» **Work to complete**
Reproduce each line, exactly, from the one containing "的四名志愿者同学在志工部的组" through the end of the material. Exclude pictures.

» **Collected material**
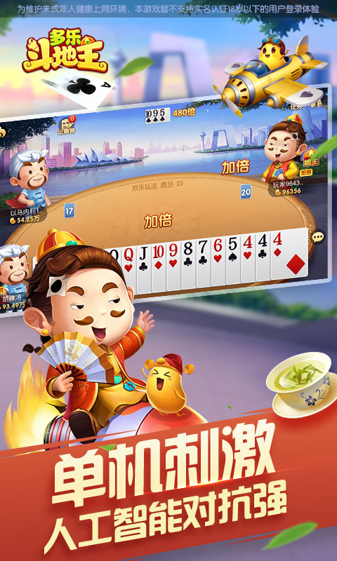 经典叫分,原汁原味游戏体验;抢地主玩法,炸弹刺激翻倍爽;完美单机,无流量也可随时玩,超强人工智能对抗强。
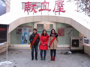 的四名志愿者同学在志工部的组织下,在长春市万达购物广场献血屋开始了本次志愿服务活动。
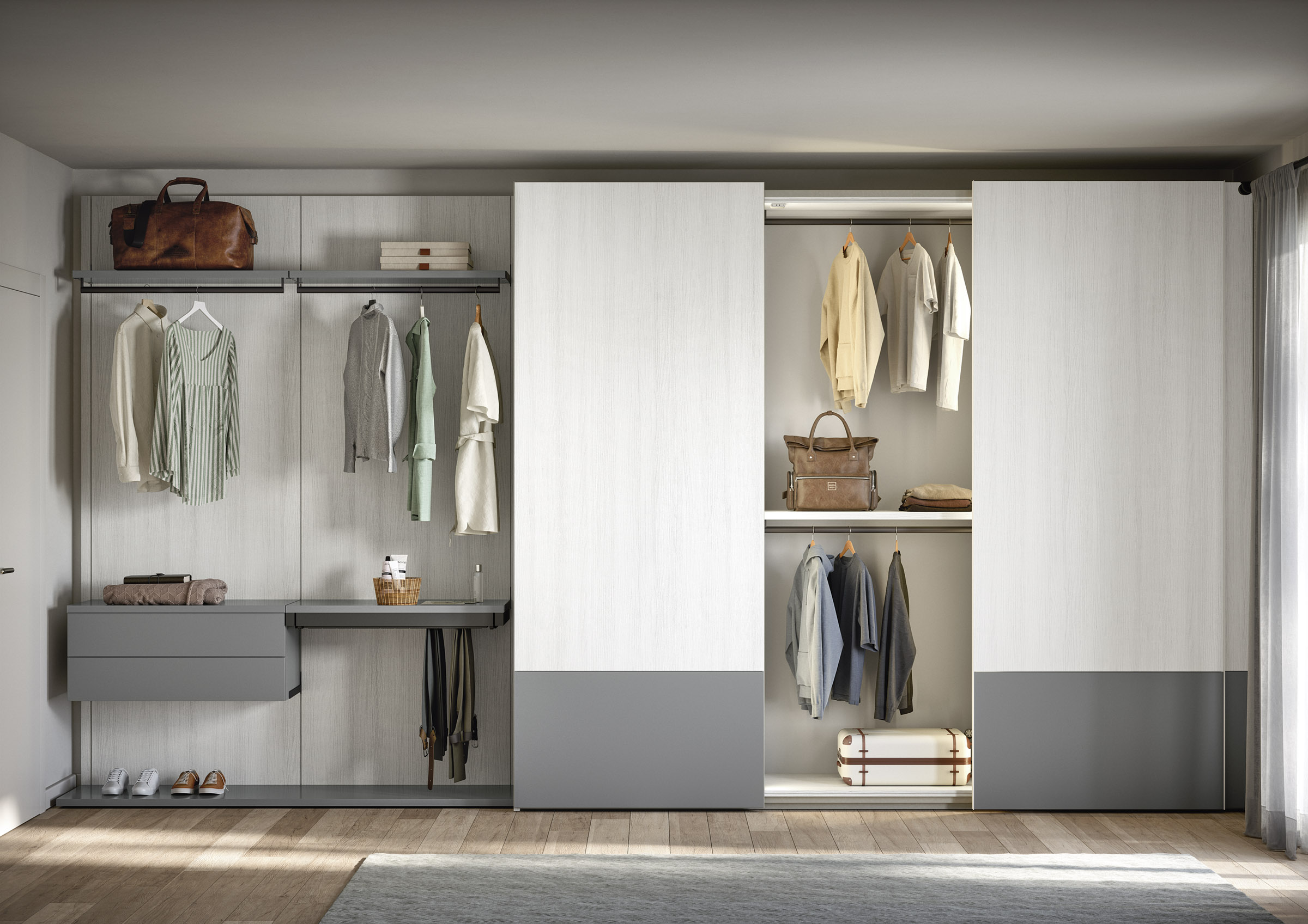 Find a clever, room-saving solution with lots of storage and a contemporary flair. For those looking for a minimalist wardrobe design, the sliding door stands out as a classy option. With the ability to integrate colors and finishes seamlessly, our large sliding doors provide a great deal of stylistic variety. This allows you to create a unique and customized wardrobe design. Using its modular and useful interior accessories, our wardrobes will help you to efficiently manage your everyday routine. Make the most of your available space and keep your surroundings neat and orderly by allocating specific areas for all of your needs!

» **Exercise solution**
 的四名志愿者同学在志工部的组织下,在长春市万达购物广场献血屋开始了本次志愿服务活动。
 Find a clever, room-saving solution with lots of storage and a contemporary flair. For those looking for a minimalist wardrobe design, the sliding door stands out as a classy option. With the ability to integrate colors and finishes seamlessly, our large sliding doors provide a great deal of stylistic variety. This allows you to create a unique and customized wardrobe design. Using its modular and useful interior accessories, our wardrobes will help you to efficiently manage your everyday routine. Make the most of your available space and keep your surroundings neat and orderly by allocating specific areas for all of your needs!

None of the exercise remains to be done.